Оформили нужные бумаги и подполковник милиции сообщил, что машины нет, надо искать или нанимать машину, чтобы перевезти тело в морг в Селятино. Отец погибшего, недолго думая, сказал: «Я повезу сына на своей машине».
Переднее кресло продвинули до конца вперед, разложили задние сиденья и самое ценное, что было у отца и матери, положили в машину – Москвич 41. Проехать надо было с километров десять. Одна мысль у отца-водителя была главной – не расслабиться, довезти самое дорогое без происшествий.

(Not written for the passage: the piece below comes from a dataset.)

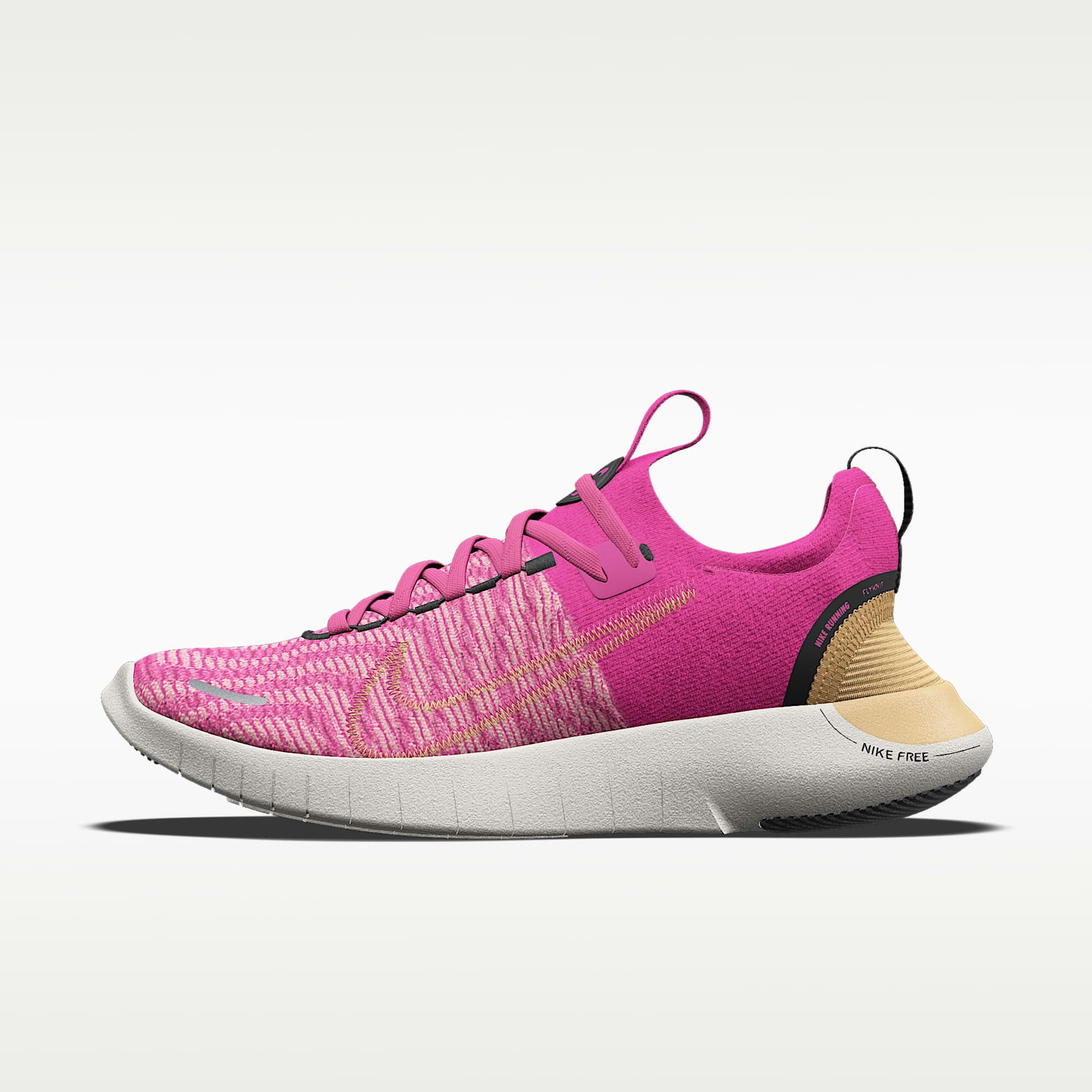 Set your training runs free, and let your design eye out of the cage in the Nike Free RN By You. A full spectrum of colours, plenty of Flyknit colour possibilities and a trio of different lacing choices give you the freedom to make this as quirky as you so decide. Feathery and flexible, its barefoot feel and Flyknit upper will have you free-wheeling with joy, itching for a few more strides. Touch It Up Pick from six different Flyknit colour presets including Fierce Pink and Orewood Brown. Then dabble with the top-and-bottom Swoosh logos, backtabs, overlays and even the nitty-gritty details like the eyestay stitching, side of the heel and the outsole pods. Pick from 16 different colour options for the overlays, including Metallic Red Bronze, gold and silver. Lace Up Choose between reflective design, flat or toggle laces (toggle and flat come in 12 different colour options including Red Stardust). We offer reflective design flat laces in six varying colours. Make It Yours Add a personal touch with your initials or something else unique. It appears on the side of the shoe all in upper case, using 1–2 characters, numbers 0–9 and letters A–Z. Made from Nike Grind The outsole has at least 13% Nike Grind material, made from scraps from the footwear manufacturing process. Lightweight movement Flyknit gives you sock-like comfort with soft, stretchable and breathable fabric that helps keep you feeling light and airy when your run goes into overdrive. Inner sleeve is minimal but stretchy. Soft in the middle An ultra-lightweight midsole offers unreal comfort as your foot repeatedly hits the road. It's lighter, more responsive and softer than previous versions. More benefits * Embroidered eyestays around the laces help keep your feet secure. Pull tabs at the tongue and heel make for an easy one-hand entry. * The laser-cut grooves on the sole make this shoe more flexible compared with the previous iteration. Nike By You Details * This product is not intended for use as Personal Protective Equipment (PPE) * Our Members are one of a kind, and your shoes are too. Each pair is proudly made one at a time, by hand. Good things are worth the wait. * With our 3D builder, watch your creation come alive as you experiment with all kinds of design choices.

Ехали не торопясь, торопиться больше некуда, настало время осознания случившегося. Снежинки как бы нехотя падали на лобовое стекло и таяли, удивляясь пассажирам белого «Москвича»: Галина – сестра мамы Сергея – сидела на корточках, рядом с застывшим навсегда телом.
Отец вел машину, как никогда аккуратно, но его мысли сменяли одна другую: почему, за что, как жить дальше… Наступал длительный процесс оценки и переосмысления прожитого. Жили ожиданием человеческого счастья. Определяющими этого счастья были материальное благополучие, семейные традиции, продолжение рода, мир и любовь между родителями и детьми. Жили словно в летаргическом сне. Все плохое случалось с другими. Господь проносил чашу испытаний мимо. И вот пришло горе, понести которое нету сил…
Как-то незаметно и быстро приехали в морг. Сотрудники морга отнесли тело и сказали: «На вскрытие приезжайте завтра, заодно и за телом».
На следующий день патологоанатом дал почитать объяснение машиниста, которое было вместе с другими бумагами. Из объяснения следовало, что по путям шел некий человек и шатался из стороны в сторону. Сигнал машиниста не изменил ситуации. Машинист принял меры к резкому торможению состава и остановке, но инерция многотонной махины была высока…
Часа через три выдали тело, приведенное в порядок и положенное во гроб. А еще через час гроб с телом уже заносили в дом. Запричитала-зарыдала бабушка Сергея и еще кто-то. Вчера отсюда начинался этот путь в никуда, в никуда. Именно такая мысль преследовала отца – начинался путь в дальнейшую жизнь без смысла, радости и оправданий. Поминутно он спрашивал себя: как же так случилось, и отвечал самому себе: не может этого быть, не может быть…
На следующий день были похороны. Сначала сына отвезли в храм Архангела Михаила, где шли приготовления к отпеванию. Положили венчик на лоб. Кто-то из певчих подошел к отцу и сказал, что надо заплатить дополнительно за пение и еще за что-то.
– Сколько надо, столько и будет заплачено… – последовал механический ответ.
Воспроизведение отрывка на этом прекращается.